Competition in Electric Power—What Does the Record Say?
About 25 years ago the electric power industry was deep into debates over competition and monopoly. For most of the last century, nearly everyone agreed that monopoly was not only natural but even desirable in electric power as long as regulators ensured that the benefits of monopoly were shared with consumers.

Toward the end of the century, the conventional view was under challenge—rates were rising, the industry had seen a few major blackouts and technological growth stalled. Dissatisfaction with the regulated electric power industry was intensified by the apparent success of deregulatory reforms in the airline, telecommunication and other industries. In the 1990s, a coalition of industrial consumers and non-utility power producers, with help from academic critics of regulation, convinced federal and many state policymakers to open the electricity industry to competition.

Now rising power prices, winter weather failures and renewed concern over the ability of the industry to handle innovations on both the demand and supply side have brought industry structure back to the forefront. This time, unlike the 1990s, we have over two decades of experience with reforms. It is a good time to reflect on what we know and don’t know about competition and monopoly in the electric power industry.

Competitive Wholesale Markets Encourage Efficiency and Environmental Improvements
Market competition was expected to drive down costs, and it has in several respects. Research shows that competitive generators were associated with higher availability of nuclear power plants, lower costs at coal plants and substantial investment in highly efficient combined-cycle natural gas plants. Competitive generators better manage risk and have led to more cost-effective decisions regarding when to retire resources and when, and where, to build new generation.

Regulated utilities see savings from participation in regional transmission organizations (RTOs) from reserve sharing, better coordination of generation and transmission resources, and better use of low-cost generation assets. The Midcontinent Independent System Operator (MISO), which is mostly made up of regulated local power monopolies, calculates that its members enjoy benefits totaling over $3 billion annually.

The electric power industry in states with RTOs is also linked to reductions in air emissions. Markets tend to promote investment in new technologies while regulated firms will hold onto older generating units longer. In addition, unconventional resources like wind, storage and solar energy expand at a quicker rate and integrate more efficiently in competitive wholesale markets. When natural gas prices are low enough, new cleaner-burning natural gas plants outcompete coal-powered generation with fewer air emissions as a result.

Competition may also reduce political corruption, or so it seems after a string of corruption cases grabbed headlines in Ohio, Illinois, South Carolina and Florida. While Ohio and Illinois restructured, they both chose to let regulated distribution monopolies keep commercial ties to power generators serving in competitive markets. The result in Ohio was a regulated utility bribing state legislators to secure millions in payments to affiliated generating units failing in the competitive market.

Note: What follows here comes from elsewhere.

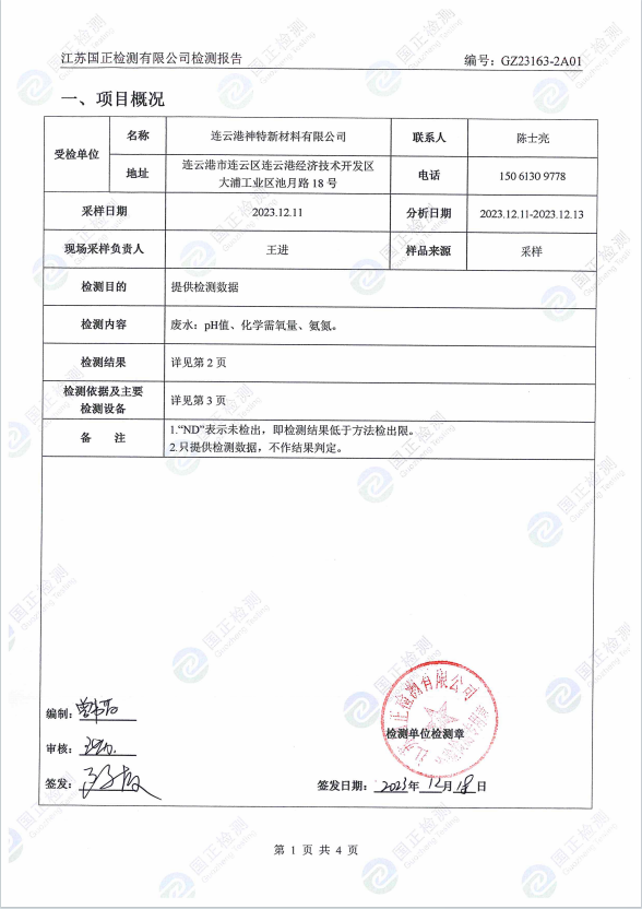2023年第四季度排污檢測報(bào)告

Retail Competition Has Benefits, But Requires Sound Implementation
The record of retail competition over the last 25 years is decidedly mixed. Critics of competition often rightly note that states allowing retail customer choice have higher prices on average than states that remained under traditional regulation. However, most of the states that reformed did so precisely because they had higher prices on average back when they too were traditionally regulated. Average retail electric prices matched inflation in both retail choice and traditionally regulated states, leaving real power prices nearly unchanged from 2001 to 2021.

Texas has a reputation for allowing the most robust retail market, and research found that consumers with access to the retail market saw prices fall relative to consumers in the state who remained served by monopoly. When adjusted for inflation, data from the Energy Information Administration shows the price of electricity has fallen in Texas since the reforms were implemented in 2002. Questions were raised about the sustainability of the Texas model after the disastrous energy failures in February 2021, but the failures had nothing to do with retail competition.

Other than Texas, states with residential retail choice generally find their market dominated by default service rates overseen by regulators. Competitive retail providers mostly just aim to beat the default service rate rather than compete directly against each other, resulting in lackluster retail competition. This underscores the need for proper implementation of retail choice, which results in more accurate price signals and lower costs, enabling consumers to choose different products to suit their risk demand management preferences.

Interestingly, a 2022 analysis of prices in several retail choice states found that the cost associated with energy supplies had fallen in all cases but one, while costs associated with the still regulated transmission and distribution systems had risen in every single case. The regulated monopoly sector may be the biggest reason prices are rising in the retail choice states seeing higher rates.

What About the Future?
Retail competition is advantageous when properly implemented. When it is not, retail rates between competitive and monopoly industry structures may be a wash. States with retail competition still require regulatory oversight of monopoly transmission and distribution expenses. A few years ago the advice might have been that states should emulate Texas. Such advice will have to wait until after state policymakers decide how to reform the sector in response to the winter storm failures.

At the wholesale level, however, it is clear that competition brings greater efficiency in power supply, more reductions in air emissions and more rapid accommodation of new technologies. This is not a bad set of features given rapid industry changes, and even more rapid demands being placed on the industry by policymakers.

Michael Giberson is a senior fellow with the R Street Institute’s Energy & Environmental Policy team.